In fact, I'll tell you another anecdote. I started wearing a hockey helmet in 1972, after my wife fainted on a bike ride, crashed and hit her head. (I'll tell you that story another time.) In the spring of 1973, I went on my first bike rally, CoNYMA, held in a location near the CT/NY/MA border. I was wearing a hockey helmet, and so was a fellow I met there, Irv Weisman, who was then the Technical Editor of the League of American Wheelmen Bulletin, LAW's monthly magazine. At the start of the first ride, he and I took a lot of ribbing from attendees. Halfway through the ride, a couple of guys crashed and one of them had his scalp peeled right from his head. It was pretty gruesome. For the entire second half of the ride, people kept riding up to us and asking where did we get those helmets.
I've been riding with bike clubs for over 40 years. In that time, I've crashed a number of times. Not one had anything to do with a car. I've crashed because of black ice, sand on the road, a pothole, a fallen tree limb, an eroded exposed tree root, a crack between lanes on a concrete road, and more than once I've had inattentive riders crash into me when I stopped for a stop sign or traffic light. I've been on rides where people have crashed on gravel, on an oil slick, on the base of a safety cone, on wet leaves or on railroad tracks, and have ridden off the roadway and crashed when they tried to ride back up on the edge and slipped off, and I crashed once in a similar situation myself. I came within a half-second of crashing when an animal rode out in front of me, I've met people who hit a deer and crashed, and a friend of mine died when an animal ran in front of him as he was making a high speed descent.

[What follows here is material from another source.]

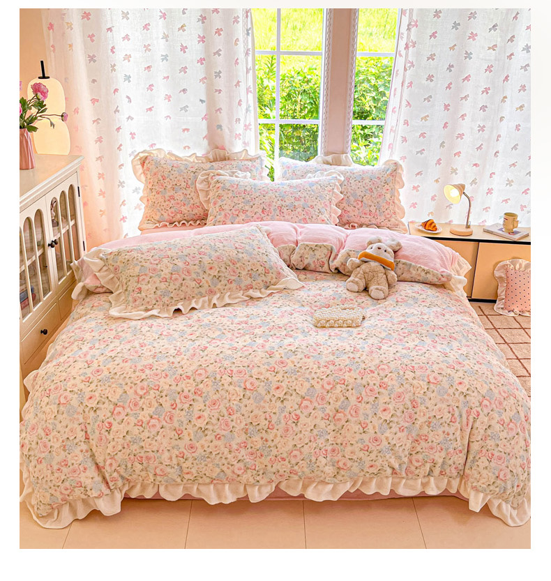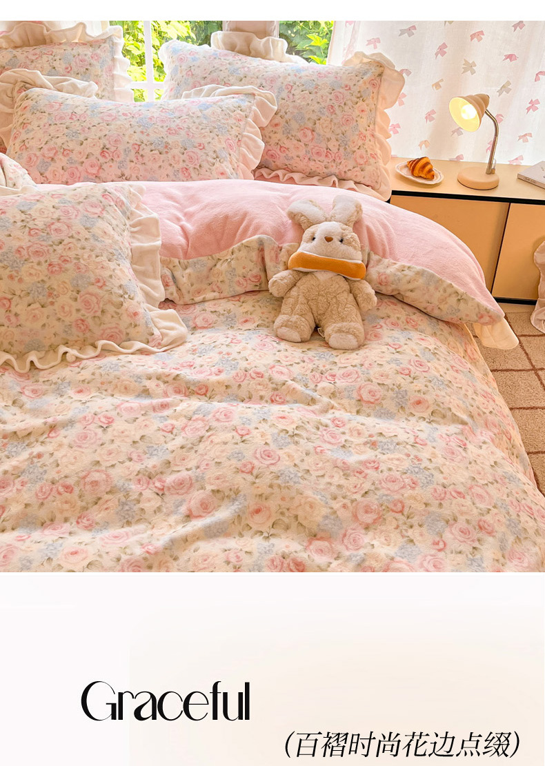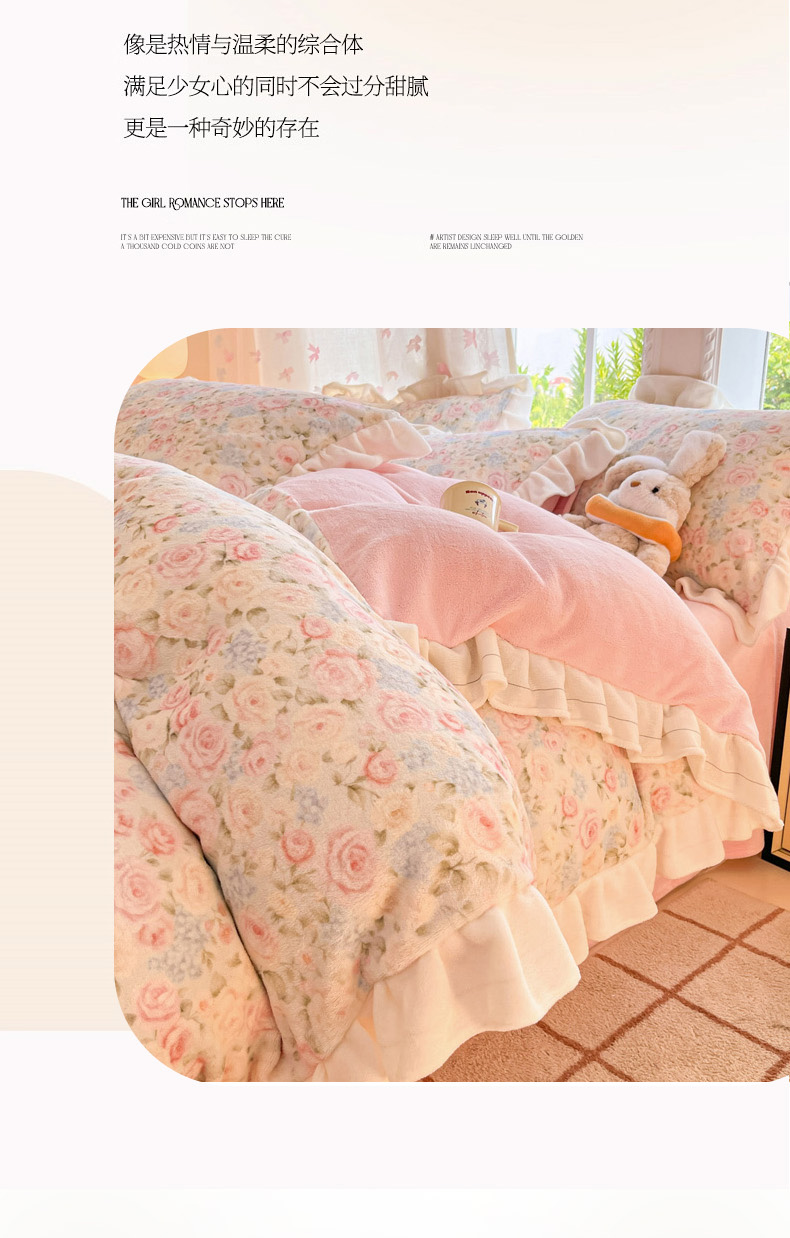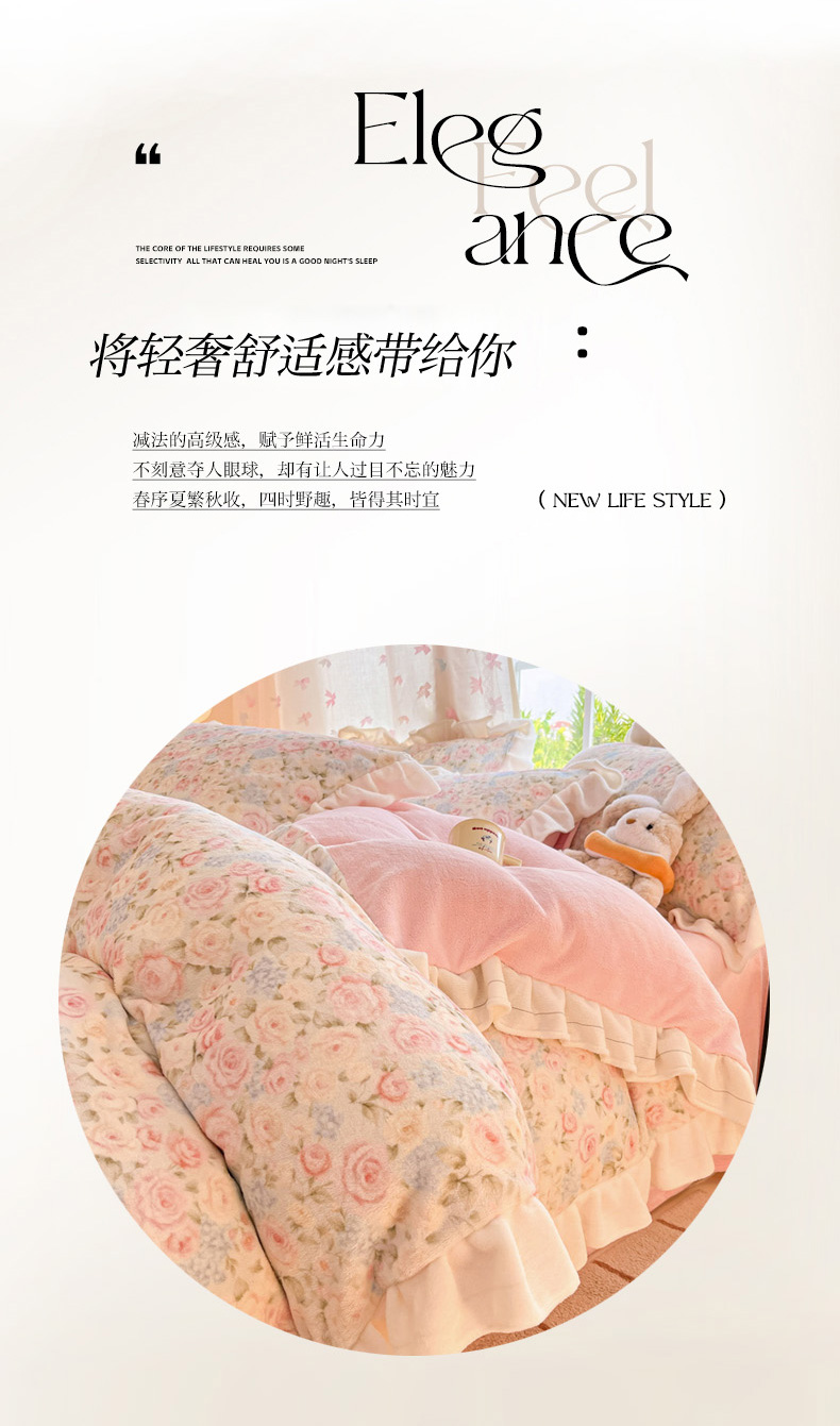 慕澄家居 2025新款花边款牛奶绒印花四件套 花边款-繁花

I'm concerned with each and every one of those road hazard situations, and they -- and not fear of cars -- are the reason I wear a helmet. And by the way, none of those situations provide a reason to wear a helmet while out walking.
I can't say much about why people won't ride, other than my sister -- who crashed on gravel when she was a child, and went through such a gruesome and painful process of gravel extraction and wound debriding she decided never to risk riding again.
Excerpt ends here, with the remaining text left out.